This document outlines methods to perform inital backfill when setting up hubble.
Use SDF ETL Data as a Source
1. Export Data to Cloud Storage and Load Data into BigQuery
- Use the EXPORT command provided by Google Cloud Platform (GCP) to export your dataset in the required format (e.g., Avro, Parquet).

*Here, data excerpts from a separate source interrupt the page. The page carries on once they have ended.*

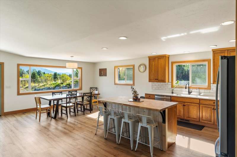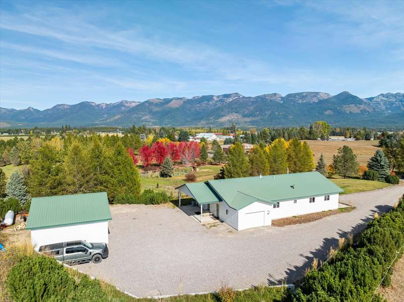 Stunning Swan Mountain Views! This beautifully updated 3-bedroom, 3-bathroom home sits on 10 peaceful acres, offering breathtaking views and endless possibilities. The home boasts a fully remodeled master suite with a tile shower and dual vanities, along with two cozy wood-burning fireplaces perfect for Montana's cooler months. The updated kitchen features new appliances and countertops, making it a chef's delight. Outside, enjoy a fenced garden, garden shed, new tree house and a 592 sqft timber framed workshop with additional 368 sqft covered storage. A spacious detached shop offers an additional workspace and a lean-to for extra storage or projects. A perfect blend of comfort and functionality! Shop is plumbed for a propane heater.
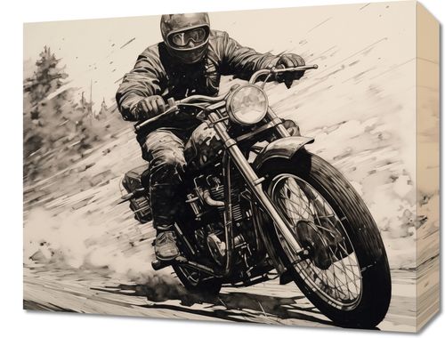 Obraz z serii abstrakcja zatytułowany Na Pełnej Prędkości. Ta monochromatyczna ilustracja uchwyciła motocyklistę w pełnym ruchu, przemierzającego drogę z wysoką prędkością. Dynamiczne pociągnięcia pędzla i grę światłocienia nadają obrazowi poczucie szybkości i ruchu, podkreślając siłę i energię zarówno jeźdźca, jak i maszyny. W tle zamazane linie sugerują przemykający krajobraz, co wzmacnia wrażenie prędkości. Obraz ten jest idealny dla miłośników motocykli, jako dekoracja w garażach, warsztatach lub jako wyrazisty element wystroju w przestrzeniach mieszkalnych, inspirując do poczucia wolności i przygody.
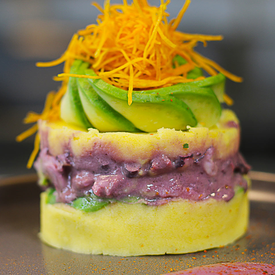 Tradicional causa de papa amarilla, rellena de pulpo y palta, bañada con salsa al olivo.

- Use the LOAD command to load the exported files into your BigQuery dataset.
Example:
EXPORT DATA OPTIONS(
uri='gs://my-bucket/history-transactions/*',
format='PARQUET',
overwrite=true) AS
SELECT * FROM crypto-stellar.crypto_stellar.history_transactions;
LOAD DATA INTO mydataset.transactions
FROM FILES(
format='PARQUET',
uris = ['gs://my-bucket/history-transactions/*']
)
WITH PARTITION COLUMNS;
2. Use BigQuery API / Console to Mirror SDF's Dataset
The Stellar Development Foundation provides public access to fully transformed Stellar network data through the public datasets and tables in GCP BigQuery. Instructions on how to access this data can be found in the Connecting section.
Use the Create Table Copy statement to copy data across datasets.
CREATE [ OR REPLACE ] TABLE [ IF NOT EXISTS ] table_name
COPY source_table_name
...
[OPTIONS(table_option_list)]
Use Galexie as a Source
Galexie is a tool for extracting, processing, and exporting Stellar ledger metadata to external storage, creating a data lake of pre-processed ledger metadata. This is an upstream data source to Hubble, useful when you have a custom Stellar-ETL pipeline.
Steps
- Ensure you provide the correct value for datastore-path in Stellar-ETL command flags. This represents the name of the bucket where your Galexie instance outputs ledger close metadata.
- Set up an orchestration system like Airflow.
- In your Airflow instance, trigger the history_table_export DAG for older dates.